Search code examples
python-3.xpandastweets

Create variables from values in another column in a pandas dataframe


I have what seems like a rather simple questions but can't wrap my head around them.

I have a pandas dataframe for Tweets. The location of the users is registered in a variable named "Location" in various ways:

When the location is well recorded, I often get:

{'country_code': 'tr', 'state': 'Central Anatolia Region', 'county': 'Çankaya', 'city': 'Ankara'}

or

('country_code': 'tr', 'state': 'Black Sea Region', 'city': 'Trabzon'}

But sometimes, all I get is:

{'country_code': 'tr'}

('country_code': 'tr', 'state': 'Batman'}

and often, there's nothing and all that's registered is this:

{}

I want to write a script that can create new variables in my pandas dataframe for these individual values. In other words, if country_code is registered for a specific row, then I want the value in question to be recorded in a variable named country_code. And so on for state, county, and city. If nothing is there, it can simply input a blank or an NA for all the missing variables in question (county, state, city).

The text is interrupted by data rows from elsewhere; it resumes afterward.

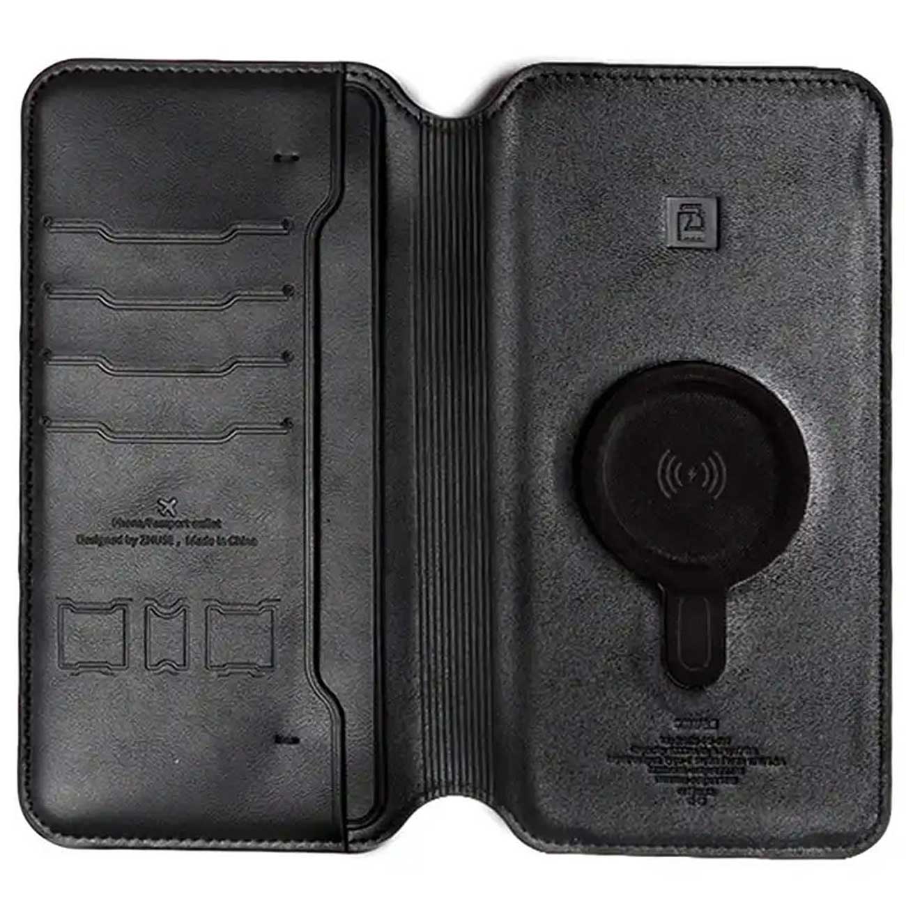 پاوربانک وایرلس 15 وات 10000 و کیف پول چرمی ژوس ZS-PB-037
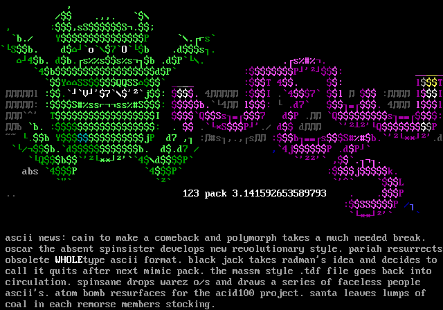 asciis. atom bomb resurfaces for the acid100 project. santa leaves lumps of
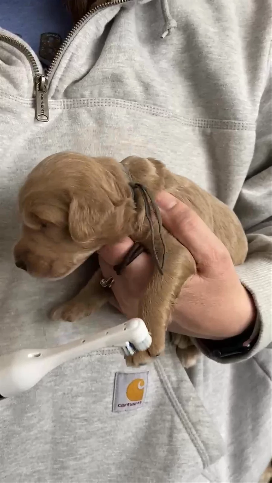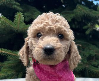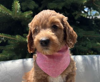 Primrose is a female Goldendoodle. Carefully selected as a great representative of her breed, Somer decided to make her part of their program. Somer has passed Good Dog’s screening process, which involved a review of their breeding practices, environment, and the mental and physical health of their dogs.
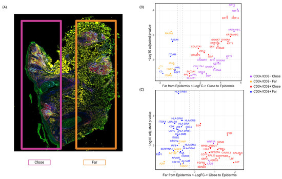 We hypothesized that the comparison of transcriptional profiles in different spatial localizations (see Figure 8A) would reveal intra-tumor variation. DEGs up-regulated in both CD4 (T-helper cells (CD3+/CD8−)) and CD8 (T-cytotoxic cells (CD3+/CD8+)) T-cell segments in regions close or distal to the epidermis, in skin biopsy from progression 1, were identified (Figure 8B, Supplementary Materials Table S18). No DEGs were found comparing spatial localizations close or distant from epidermis among CD163+ segments. T-cell-related DEGs with higher expression values close to the epidermis included a wide range of structural-related genes such as keratin, collagens, desmoplakins, and adhesion-related molecules such as desmocollin. S100 family proteins involved in cell cycle progression/differentiation and specific genes associated with invasion and metastasis (BRABP21) were also up-regulated. DEGs with higher expression values more distant from the epidermis included integrins (ITGAM1), adhesion-related molecules (JAML1), and growth factors (FGF71).
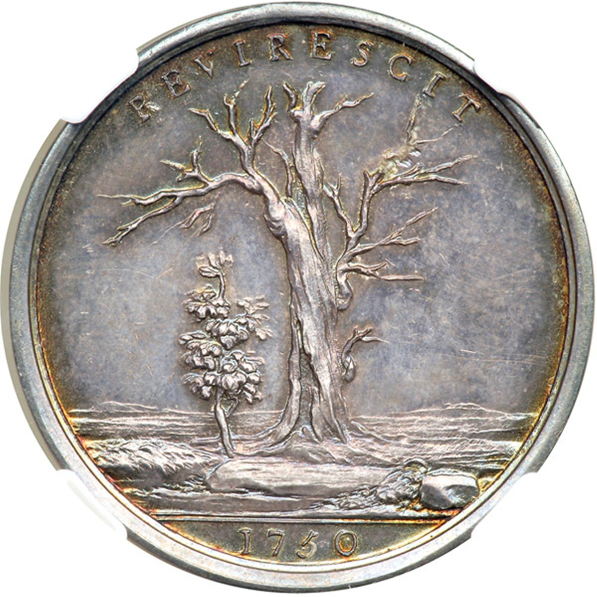 Great Britain. Medal, 1750. Woolf-62:1; MI-655, 359; Eimer-625. Silver 18.9 grams. 34.5 mm. by Roettier and Pingo. Prince Charles, Oak Society. Claims of Stuarts Revived. Bust of Charles right. Reverse: A leafless oak-tree, with a sapling springing from its root. Beautifully toned. NGC graded MS-65.
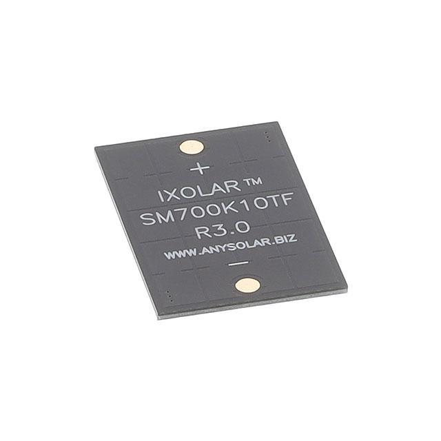 This is manufactured by ANYSOLAR Ltd. The manufacturer part number is SM700K10TF. It is assigned with possible HTSUS value of 8541.43.0080. The product is rohs compliant. The open circuit features 6.91 v. The product has -40°c ~ 90°c operating temperature range. Moreover, the product comes in cells. It comes in monocrystalline configuration. The given current at Pmpp is 27.7 ma. Its maximum watts include 154.3 mw. The anysolar ltd's product offers user-desired applications. The product's diameters include 0.945" l x 1.417" w x 0.059" h (24.00mm x 36.00mm x 1.50mm). It has a long 12 weeks standard lead time. Its typical moisture sensitivity level is 1 (unlimited). The product ixolar™, is a highly preferred choice for users. It features 29.5 ma of short circuits-current. It has 5.58 v at given Pmpp. In addition, tray is the available packaging type of the product. The product is designated with the ear99 code number.
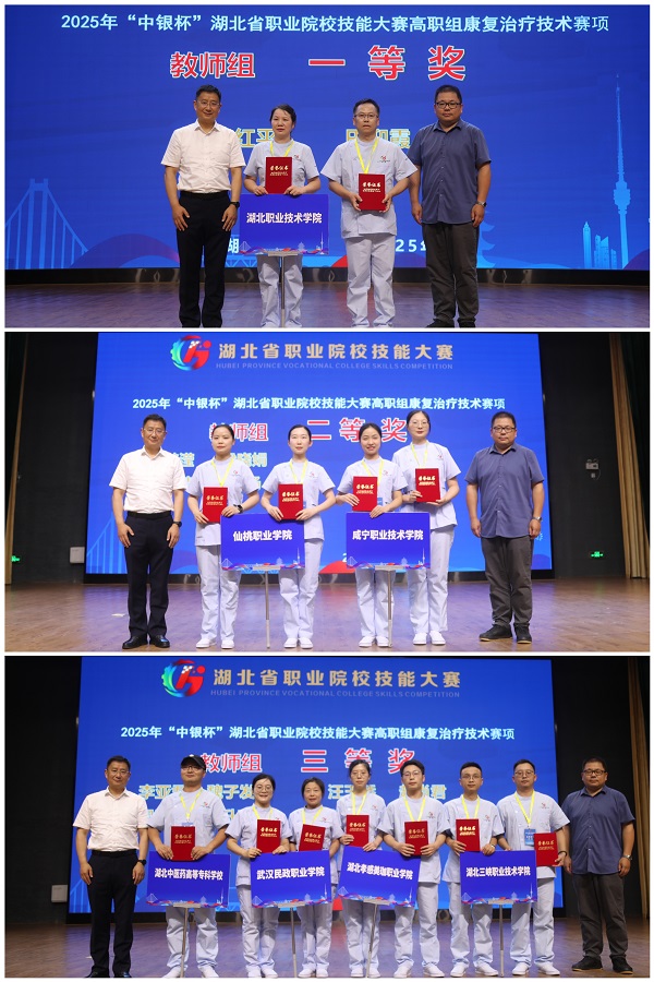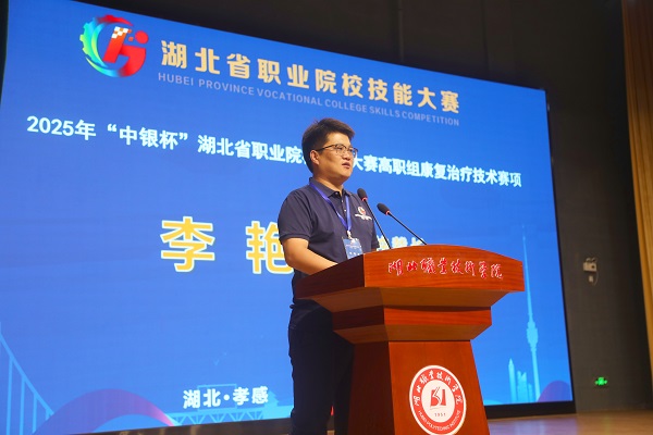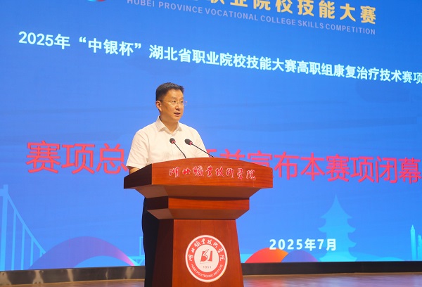 (本网讯 曾欢 陈文培 黄文军 陈灏)7月1日下午,2025年“中银杯”湖北省职业院校技能大赛高职组康复治疗技术赛项颁奖典礼暨闭幕式在Beat365南校区崇德礼堂举行。湖北省职业院校技能大赛执委会办公室卢靖、赛项裁判长李渤、赛项专家组长邹颖、赛项监督长简亚平、赛项仲裁长李艳、Beat365校长郭沙等出席闭幕式并颁奖。副校长胡昌杰主持颁奖典礼暨闭幕式。
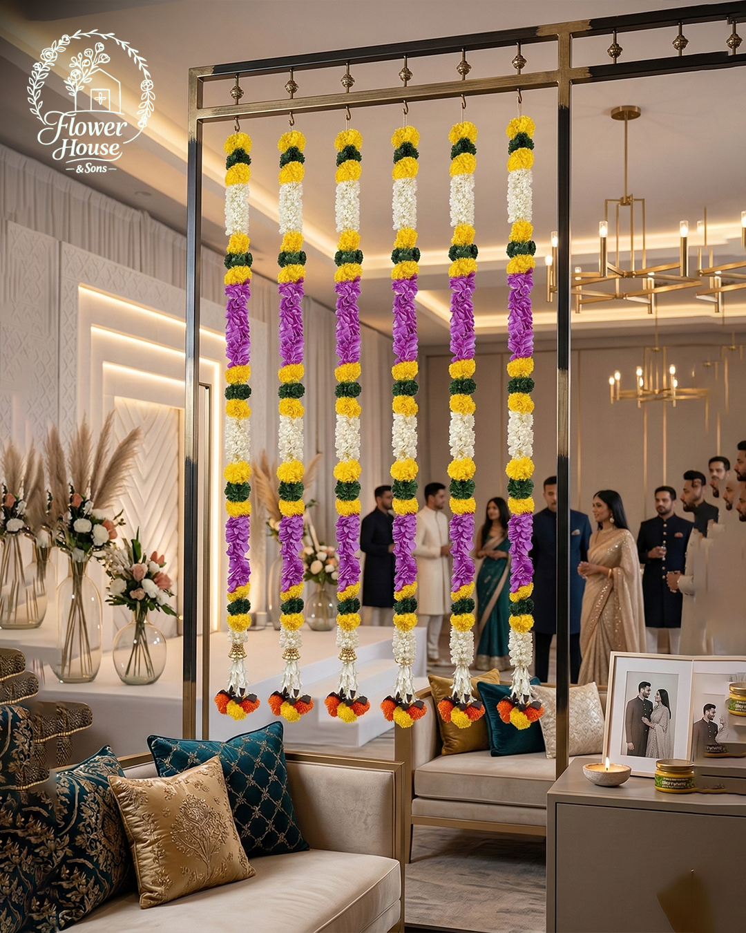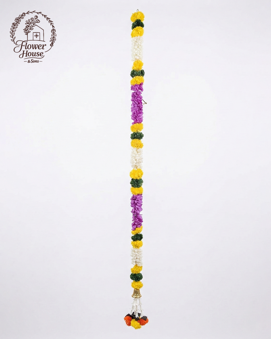 Brighten up your home with these vibrant and high-quality Gulsan artificial garlands. Designed for a realistic look with zero maintenance, these 5-foot long strings feature a beautiful sequence of colors that bring a traditional yet modern touch to any space. Product Highlights: Vibrant Color Pattern: A stunning sequence of Yellow, Dark Green, White, and Purple flowers for a bright and festive look. Elegant Tassel Finish: Each garland is finished with a traditional golden bell (ghungroo) and a unique multicolor tassel (Yellow, Orange, and Black). Perfect Size: The pack includes 6 pieces (5 feet each)—ideal for full-length door frames, wall backdrops,…

The end result should be such that I have four new variables in my dataframe: country-code, state, county, and city, based on the values registered in the "Location" variable with something (or nothing) registered for these values.

Can someone help by any chance?

Thank you so much!


Solution

  • I was able to fix the problem by working with the original JSON file directly. All I did was store the location data into the different categories I was looking by using a for and if loop similar to what others suggest here. I did so instead of trying to use pandas specific functions to store the data registered in variable "Location" into different variables in my dataset.